1. The agent causing PCP is not as Gallo claimed a protozoon. The aetiology according to which after the destruction of T-helper lymphocytes by "HIV-infection", Carinii pneumocytes, the cause of PCP, could escape control by T-helper lymphocytes and multiply unrestrictedly, is objectively wrong. Such protozoa simply do not exist (34,35). What is involved are micro-fungi that are inhaled in the air, and which, for example, in the case of increased cell decay following hypoxaemic metabolic changes (including "AIDS" without "HIV"), find fertile terrain in the alveoli of the lungs. In this way, a harmless fungus (saprophyte) becomes the dangerous cause of PCP.

2. Contrary to what Gallo et al claimed, T-helper lymphocytes do not suppress the growth of cancer cells, because cancer cells do not have antigens through which T-helper lymphocytes could identify them (36). This means that the hypothetical destruction of T-helper lymphocytes by "HIV" and the ensuing disappearance of the suppression of KS cells cannot be the cause of KS. The predicted increase of all other types of carcinoma in "AIDS patients" resulting from the disappearance of the surveillance of cancer cells after the postulated destruction of T-helper lymphocytes by "HIV-infection" did not occur (37).

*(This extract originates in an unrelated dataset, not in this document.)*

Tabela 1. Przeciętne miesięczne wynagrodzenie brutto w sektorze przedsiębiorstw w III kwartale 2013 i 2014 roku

3. Contrary to the assumption of the CDC and Gallo, the hypothetical "HIV infection" of T-helper lymphocytes despite the postulated essentially alarm function of T-helper lymphocytes also for antibody production by B-plasma cells did not result in destroying defence capacity against all microbes. Unlike patients with impaired immune functions, E.G. intensive care patients in whom mortality following typical bacterial infections is up to 80%, strikingly in the "immune deficiency syndrome AIDS", bacterial infections are rarely seen. The CDC under the category "AIDS indicator diseases" states explicitly for "bacterial infections, frequent or repeated": "not applicable as indicator of AIDS in adults/adolescents" (37).

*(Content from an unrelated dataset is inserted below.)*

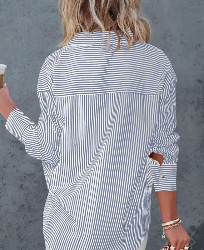 Womens Striped Button down Shirt Classic Long Sleeve Stylish Collared Top Grey,L

4. A fundamental pillar of the disease theory of Gallo et al according to which "HIV causes AIDS", is severely dented by the actual epidemiological situation over the 15 years 1982-1997. For example, in 1997 the German "AIDS Centre" registered 2736 KS cases in total with 2505 KS cases in the category "homosexuals". The remaining KS cases were in "heterosexual risk groups" or "no information on risk group". On average, therefore, there were 15 KS cases a year, which were not primarily classified as "homosexual". Because homosexual intravenous drug users are classified as intravenous drug users and at least 50% of the patients classified as "heterosexual men" and "not known" were subsequently reclassified as homosexuals (28,38), this is of the order of magnitude to be expected for KS cases classified as "non-homosexual men". Corresponding epidemiological data for the prevalence of KS are available for other Western countries (39).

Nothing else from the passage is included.